The One About A Show That's A Cultural Phenomenon: 'Friends'

What’s TV’s most popular show among millennials?

It may very well be “Friends,” a series whose network run ended 14 years ago -- but was in its prime (time) when millennials were just coming of age.
How popular is “Friends”? Ratings are presumably so good that on weekdays alone, TBS runs 12 episodes in daytime, Nick at Nite airs five episodes in late night, and Paramount Network runs several episodes in the early evening. Local broadcast channels still air the series via syndication. And it’s undoubtedly one of the most-binged titles on Netflix.

“Friends” is also extremely popular with other cohorts: folks as old as 40 or beyond, and international audiences of all ages. (Indeed, I once taught conversation skills to an Asian immigrant who was learning English from “Friends” reruns.)



Kelsey Miller, author of a just-published book, "I’ll Be There for You: The One About Friends," attributes this cultural phenomenon to the close friendship between the show’s six lead characters.

"Everybody gets it [-- the close friend group --] and everybody wants it. It’s not really about the '90s, it’s about our feelings," she said Tuesday during the title’s launch event at Brooklyn’s Books Are Magic store.

I would add that the characters -- Ross, Rachel, Monica, Chandler, Joey and Phoebe -- are also relatable to viewers. That was as true back in the day of the “Friends” original 10-season NBC run as it is now for present-day millennials.

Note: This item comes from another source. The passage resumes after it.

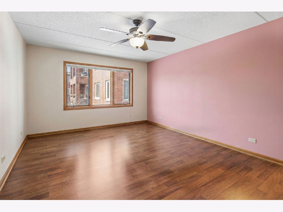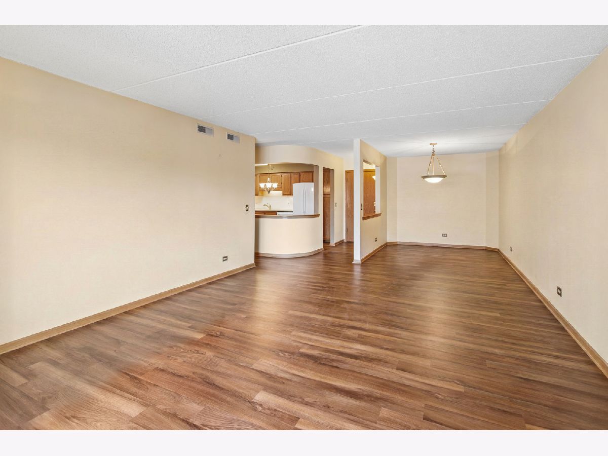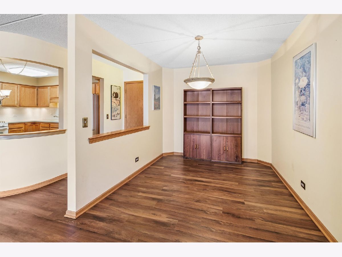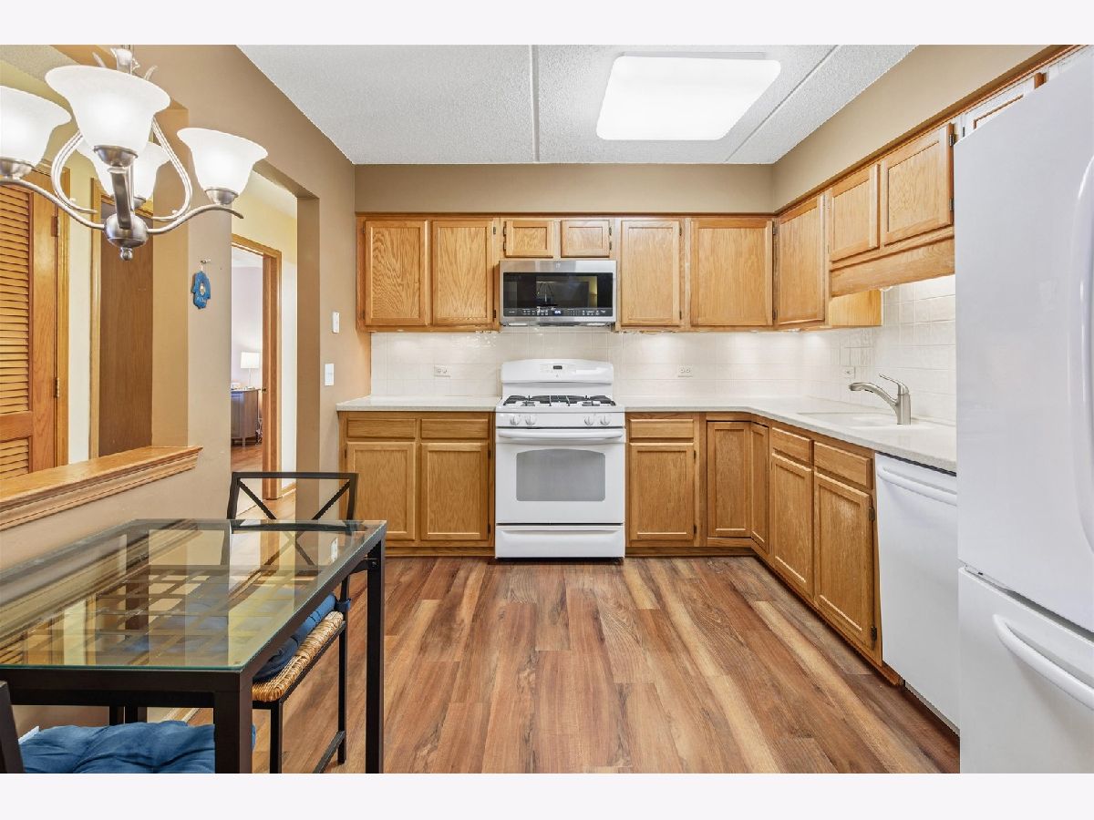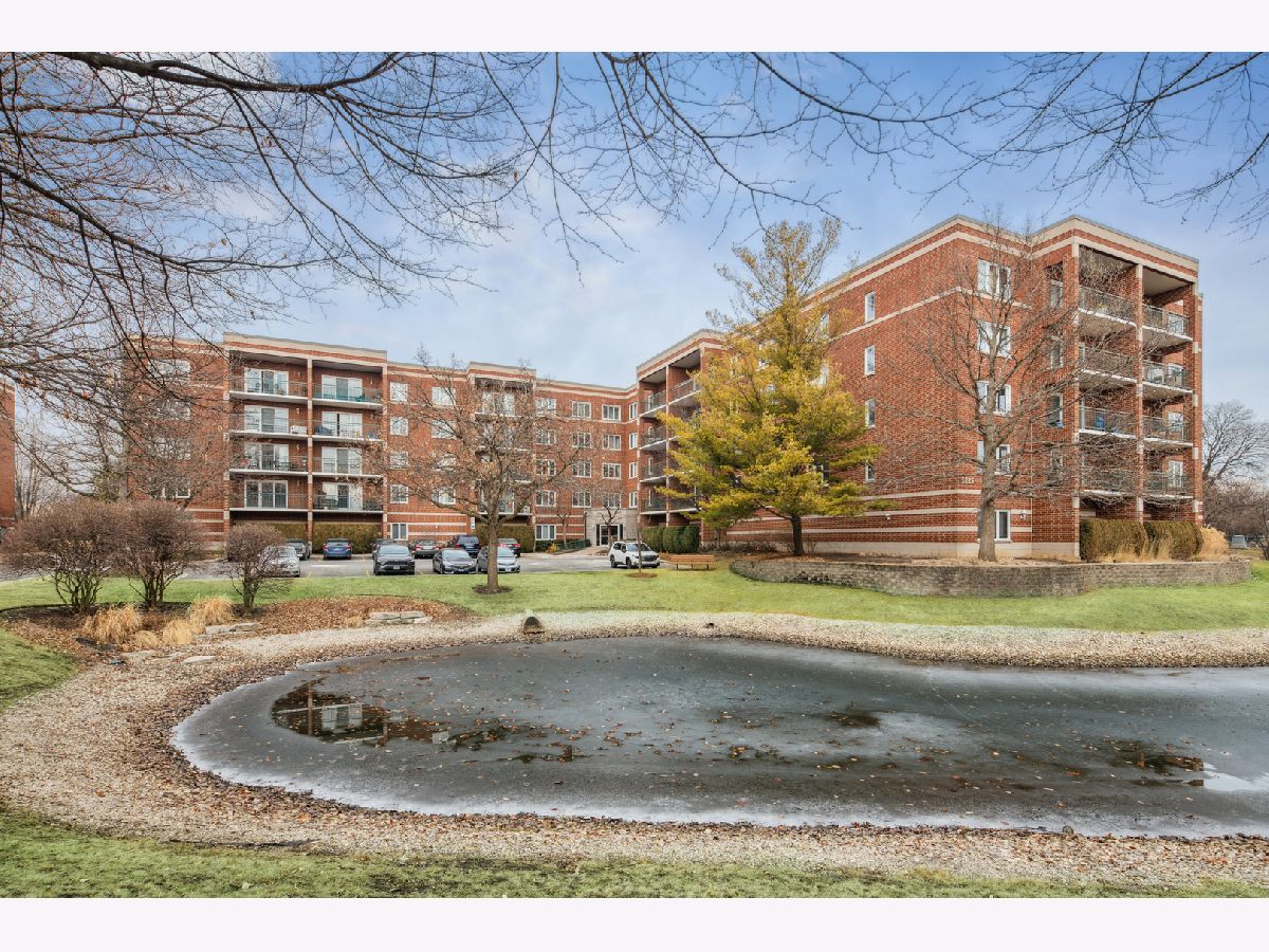 Experience the serenity of Rivers Edge Terrace! This spacious 2-bedroom, 2-bath condo boasts brand-new LVT flooring and a light-filled, open layout. The living and formal dining areas flow seamlessly, with sliding doors leading to a 16x6 covered balcony offering picturesque views of the fountain and pond. The charming eat-in kitchen features ample oak cabinetry, Corian countertops, a large pantry, and a new microwave. The luxurious primary suite includes a double vanity, whirlpool tub, separate shower, and an expansive walk-in cedar closet! Nice sized second bedroom currently used as an office. Full second bath for guests.. In-unit laundry room with full-size washer and dryer. Enjoy the convenience of a heated garage space (#51) with an adjacent large storage closet. This beautifully maintained elevator building recently received a new roof and a new A/C compressor for this unit. Nestled in a serene, suburban-like setting within the city, you'll love the easy access to Labagh Woods trails, grocery stores, shopping, dining, restaurants and more! Your monthly assessments cover heat, gas,water, basic cable and professional management of beautiful grounds.Easy access to Jewel, Target,Starbucks, 94 xway and Foster/Pulaski bus lines.

Relatability is also why I doubt that the latest long-running mega-hit about a close group of friends -- CBS’ “The Big Bang Theory” -- will have the same staying power as “Friends.” As much as you may like Sheldon, Leonard, Howard, Penny, Amy, Raj and Bernadette, would you really want to hang out with them for decades?

On that note, considering the current spate of ‘90s show revivals, would you now want to hang out with an older group of the original “Friends”?

“If we managed to get them back in the same room and pretended everything was the same, it would really stink,” said Miller, attributing such lack of character development as the reason why the current revival of “Will and Grace” leaves her cold.

How ironic, then, that “Will & Grace” has come most alive this season with the guest-starring arc of David Schwimmer, once the breakout star and de facto leader of the “Friends” gang, but arguably the least successful member of the sextet since the show left the air.

Sorry, I phrased that last line wrong. Should have said “ended production.” “Friends,” which “plays so well in reruns” (per Miller) has never, ever “left the air.”  

The future?  In words any “Friends" fan will understand, I doubt the show will ever be on a break.